High-throughput sequencing techniques generate large volumes of DNA sequencing data at ultra-fast speed and extremely low cost. As a consequence, sequencing techniques have become ubiquitous in biomedical research and are used in hundreds of genomic applications. Efficient data structures and algorithms have been developed to handle the large datasets produced by these techniques. The prevailing method to index DNA sequences in those data structures and algorithms is by k-mers (k-long substrings) known as minimizers. Minimizers are the smallest k-mers selected in every consecutive window of a fixed length in a sequence, where the smallest is determined according to a predefined order, e.g., lexicographic. Recently, a new k-mer order based on a universal hitting set (UHS) was suggested. While several studies have shown that orders based on a small UHS have improved properties, the utility of using a small UHS in high-throughput sequencing analysis tasks has not been demonstrated to date.

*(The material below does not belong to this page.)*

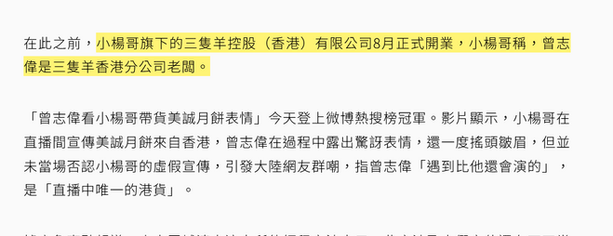 直播帶貨界頂級網紅「瘋狂小楊哥」,旗下的三隻羊集團香港分公司今日(21日)舉行開幕禮,無綫電視(TVB)總經理曾志偉作為香港分公司的老闆當然要出席,於是同日現身中年業績報告發布會後便立即趕到開幕禮。現場更有過百藝人出席開幕禮,亦有大批內地網紅出現。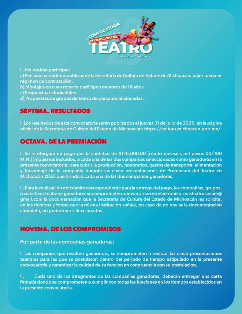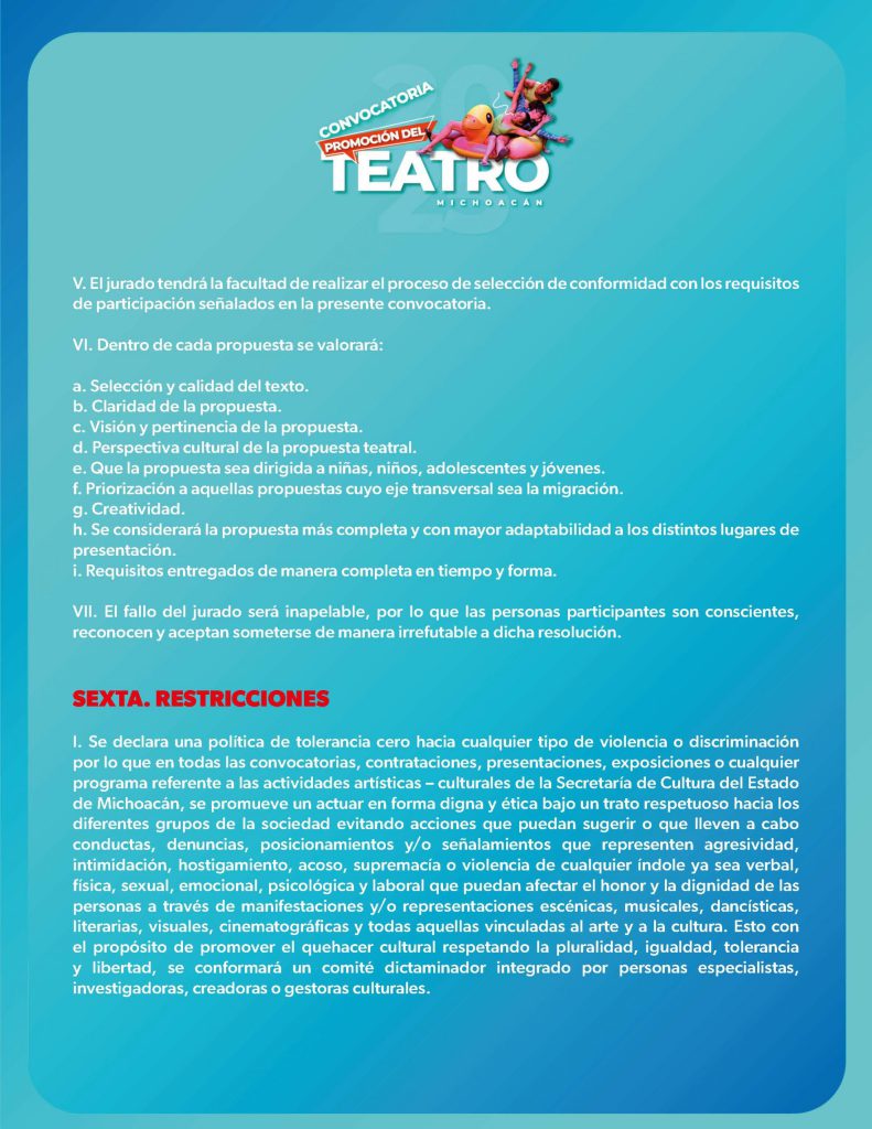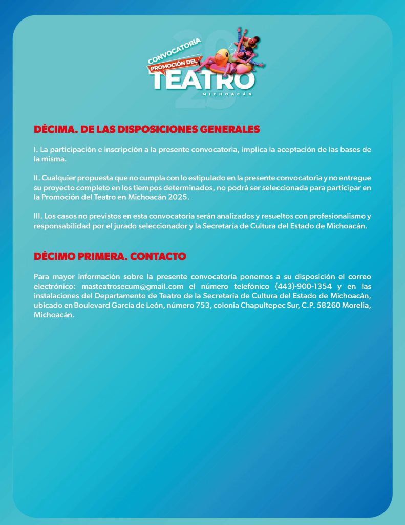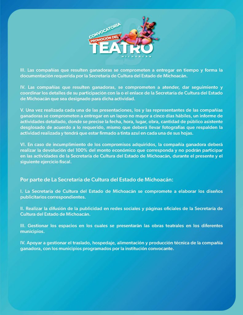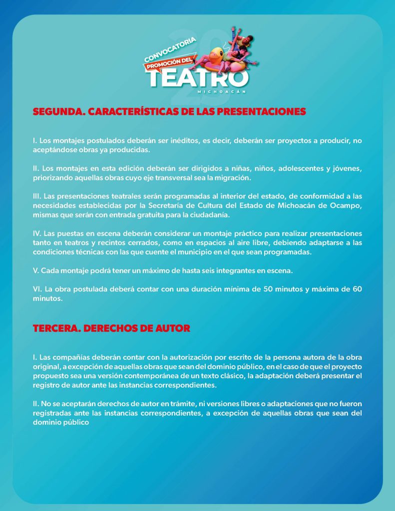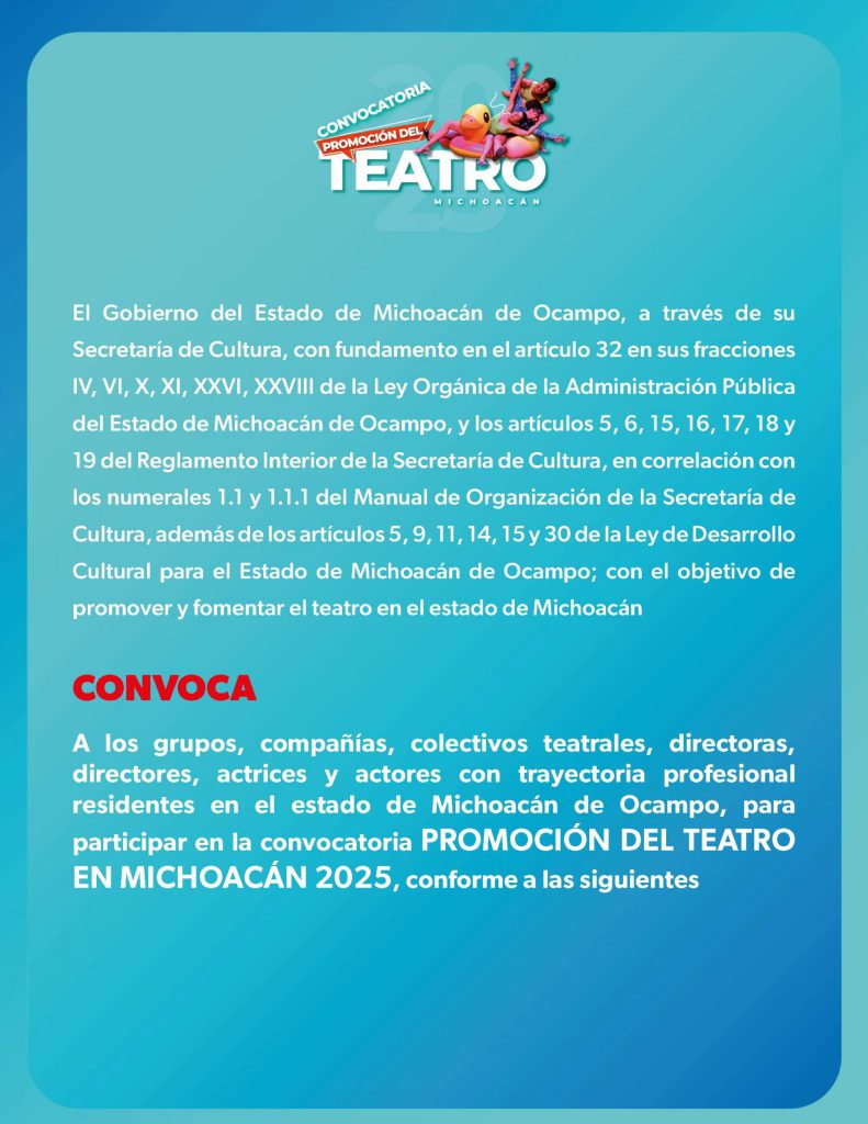 El Gobierno del Estado de Michoacán de Ocampo, a través de su Secretaría de Cultura, con fundamento en el artículo 32 en sus fracciones IV, VI, X, XI, XXVI, XXVIII de la Ley Orgánica de la Administración Pública del Estado de Michoacán de Ocampo, y los artículos 5, 6, 15, 16, 17, 18 y 19 del Reglamento Interior de la Secretaría de Cultura, en correlación con los numerales 1.1 y 1.1.1 del Manual de Organización de la Secretaría de Cultura, además de los artículos 5, 9, 11, 14, 15 y 30 de la Ley de Desarrollo Cultural para el Estado de Michoacán de Ocampo; con el objetivo de promover y fomentar el teatro en el estado de Michoacán

Here, we demonstrate the practical benefit of UHSs for the first time, in the genome assembly task. Reconstructing a genome from billions of short reads is a fundamental task in high-throughput sequencing analyses. de Bruijn graph construction is a key step in genome assembly, which often requires very large amounts of memory and long computation time. A critical bottleneck lies in the partitioning of DNA sequences into bins. The sequences in each bin are assembled separately, and the final de Bruijn graph is constructed by merging the bin-specific subgraphs. We incorporated a UHS-based order in the bin partition step of the Minimum Substring Partitioning algorithm of Li et al. (2013). Using a UHS-based order instead of lexicographic- or random-ordered minimizers produced lower density minimizers with more balanced bin partitioning, which led to a reduction in both runtime and memory usage.
1 Introduction
Large amounts of DNA sequencing data are generated today in almost any biological or clinical study. Due to the low cost of sequencing, it has become standard to probe and measure molecular interactions and biomarkers using DNA read quantities [13]. Technologies based on high-throughput sequencing (HTS) have been developed for the major genomics tasks: genetic and structural variation detection, gene expression quantification, epigenomic signal quantification, protein binding measurements, and many more [5]. A first step in utilizing all these data types is the computational analysis of HTS data. Key challenges include read mapping to a reference genome, read compression, storing reads in a data structure for fast querying, and finding read overlaps. As a result, many computational methods were developed to analyze HTS data, and the development of new methods is ongoing [1].
Many methods for analyzing HTS data use minimizers to obtain speed-up and reduce memory usage [14, 15, 7]. Given integers w and k, the minimizer of an L = w + k − 1-long sequence is the smallest k-mer among the w contiguous k-mers in it, where the smallest is determined based on a predefined order, e.g., lexicographic [16]. For a longer sequence, all L-long windows are scanned and the minimizer is selected in each one (Figure 1a). Using the minimizers to represent the L-long windows has three key advantages: (i) the sampling interval is small; (ii) the same k-mers are often selected from overlapping windows; and (iii) identical windows have the same minimizer. Minimizers help design algorithms that are more efficient in both runtime and memory usage by reducing the amount of information that is processed while losing little information. Minimizers were shown to be helpful and are used in many different settings, such as partitioning input sequences [3, 14, 15], generating sparse data structures [4, 18], and sequence classification [17].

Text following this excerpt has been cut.